SSD Slumber Power (HIPM+DIPM) - 5V Rail

Drive Power Consumption - Sequential Write

Drive Power Consumption - Random Write



Final Words

The X300s is essentially a slower version of the Extreme Pro with encryption support. For typical office and corporate workloads the performance is fine and the X300s is also power efficient, which means longer battery life in a laptop. That will obviously be important if the laptop is used while on the go.

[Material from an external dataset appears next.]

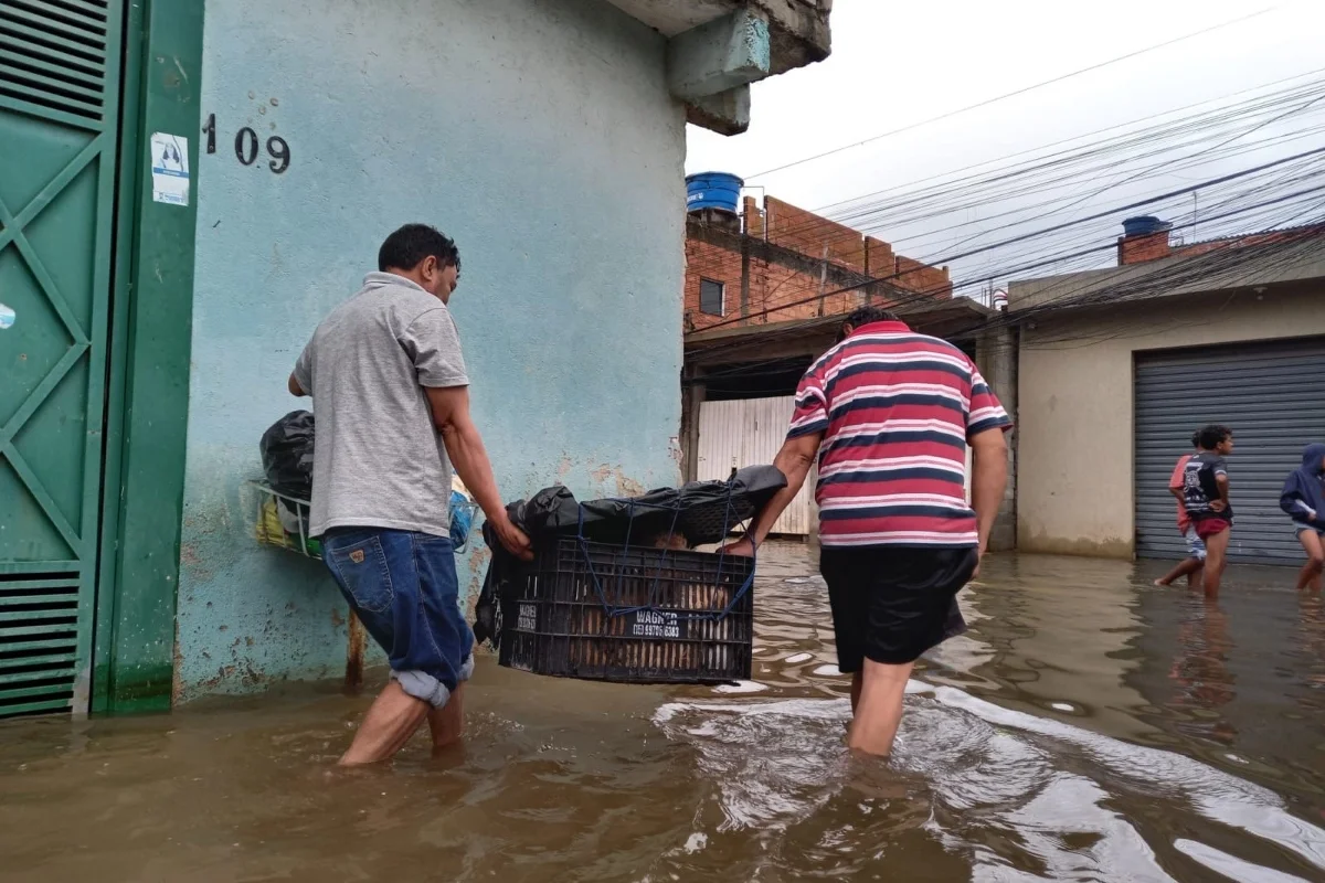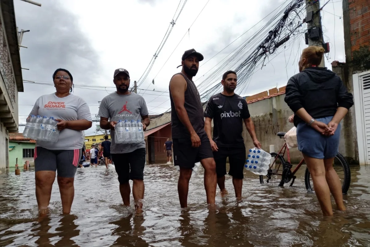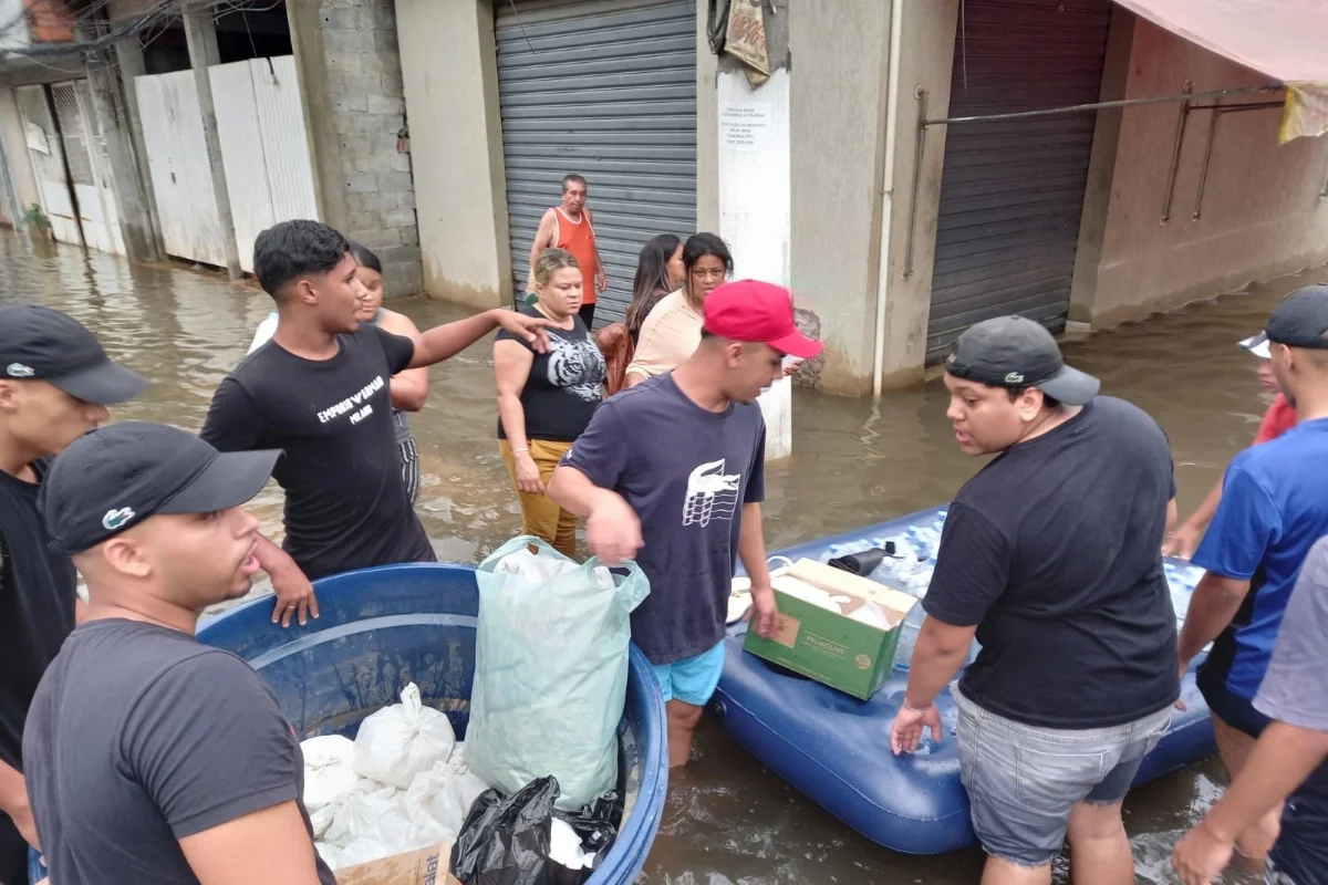 Moradores distribuem água e colchões para vítimas mais afetadas pela chuva
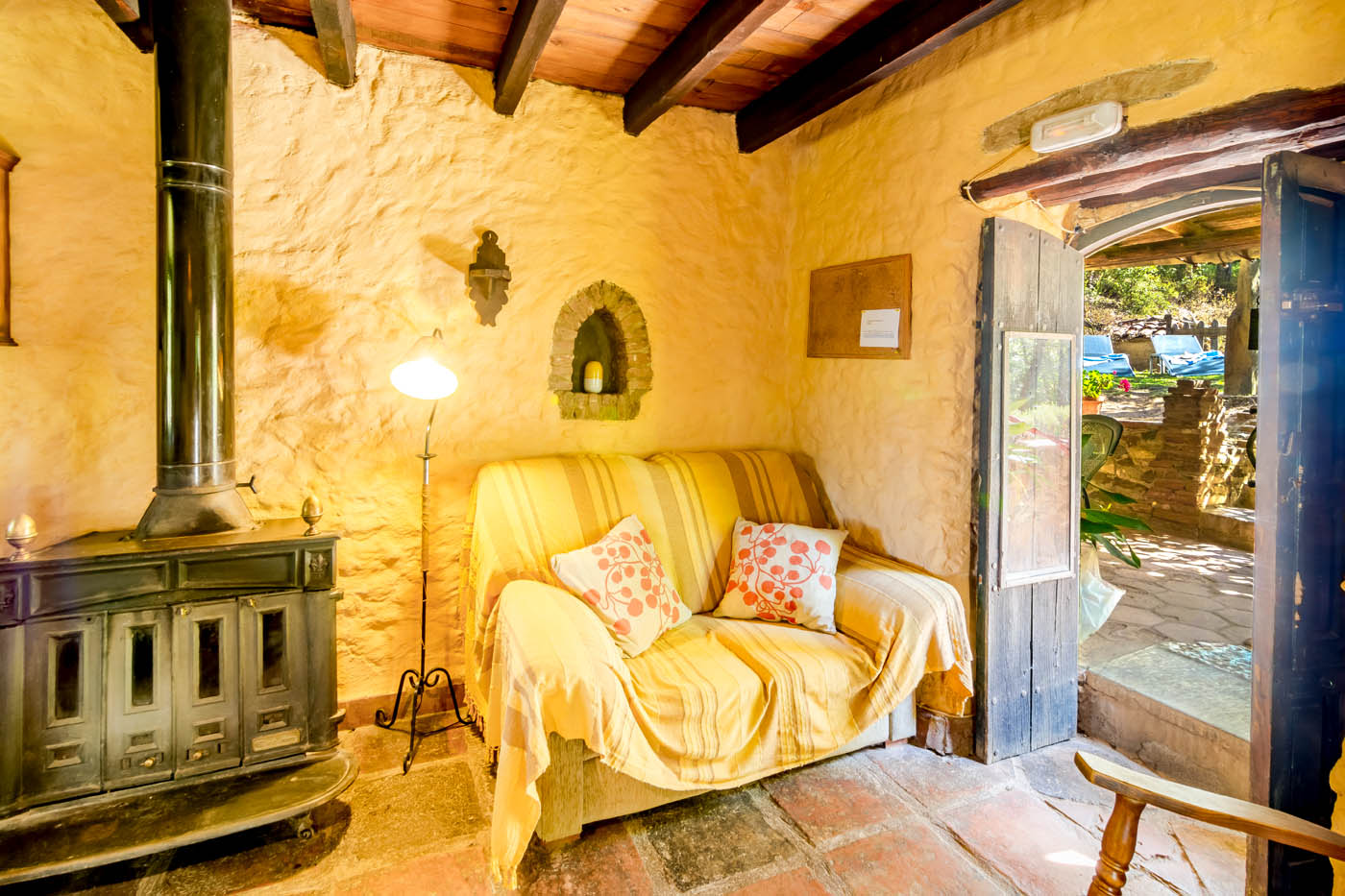 The cottage has its own intimate character with wood ceilings and floors and terracotta tiling. It is furnished simply, some original touches in the decoration making the house feel welcoming. Facilities at this sweet property are simple too. Windows fill the upstairs area with light and offer views to lovely countryside.

NewEgg Price Comparison (7/29/2014)
  64GB 120/128GB 240/256GB 480/512GB 1TB
SanDisk X300s $80 $120 $210 $380 -
Intel SSD Pro 2500 - $115 $147 $272 -
Samsung SSD 850 PRO - $130 $200 $400 $700
Samsung SSD 840 EVO - $90 $140 $250 $470
Crucial MX100 - $80 $115 $220 -
Crucial M550 - $95 $150 $240 $447

In the end, it all boils down to pricing, though, and that is not in favor of the X300s. At 128GB the price is still decent since it includes Wave's software that is worth $40, but at 256GB and 512GB the pricing is quite high. Even if the value of the software is subtracted from the retail price, the X300s is still expensive. To make the comparison fair, I only included drives that support TCG Opal 2.0 / eDrive in the table, which are the X300s' competitiors in the market.

Comparison of ISV Support
  SanDisk X300s Intel SSD Pro 2500 Samsung SSD 850 PRO Samsung SSD 840 EVO Crucial MX100 Crucial M550
Wave EMBASSY Security Center X X - X - X
McAfee Drive Encryption X X - - - -
WinMagic SecureDoc X X - X - X
Absolute Software Secure Drive X - - - - -
Dell Data Protection - X - - - -
Checkpoint Full Disk Encryption X - - - - -

However, I decided to take the comparison one step further and included a comparison of ISV (Independent Software Vendor) support. Basically, the table above tells whether the drive has been validated to work with a certain encryption software and it gives a pretty good picture as to why SanDisk and Intel have separate business SSD lineups. While all the SSDs in the table support TCG Opal 2.0 and eDrive, only the X300s and Pro 2500 have actually been validated by several ISVs. In other words, SanDisk and Intel have taken the extra time and money to work with the ISVs before launching the products, whereas Samsung and Crucial seem to focus on ISV validation post-launch. The 850 Pro and MX100 are currently not supported by any ISVs (at least based on their public compatibility lists) but I am sure that at least Wave and WinMagic will validate the drives sooner than later.

For an SSD that is targeted at business users, it is logical to ensure broad ISV support before the launch, but it still does not justify the price of the X300s. It does offer the broadest ISV support but that argument only holds weight if you plan on using Absolute Software's Secure Drive or Checkpoint's Full Disk Encryption. Otherwise the SSD Pro 2500 offers the same ISV support at a much lower price, or if you plan to use Wave, WinMagic or eDrive the 840 EVO and M550 provide an even better value.

All in all, I like SanDisk's approach of including encryption software with the X300s to make sure that every user has an easy way to enable Opal encryption, but that is ruined by the high pricing. With prices closer to the SSD Pro 2500, we could recommend the X300s over the SSD Pro 2500 as it provides higher performance and already includes Wave's encryption suite. Of course, the retail prices may not tell the whole truth since corporations are likely to buy the drives in bulk with a discount, but as it stands the retail prices at least are too high to make the X300s a good value relative to competing offerings.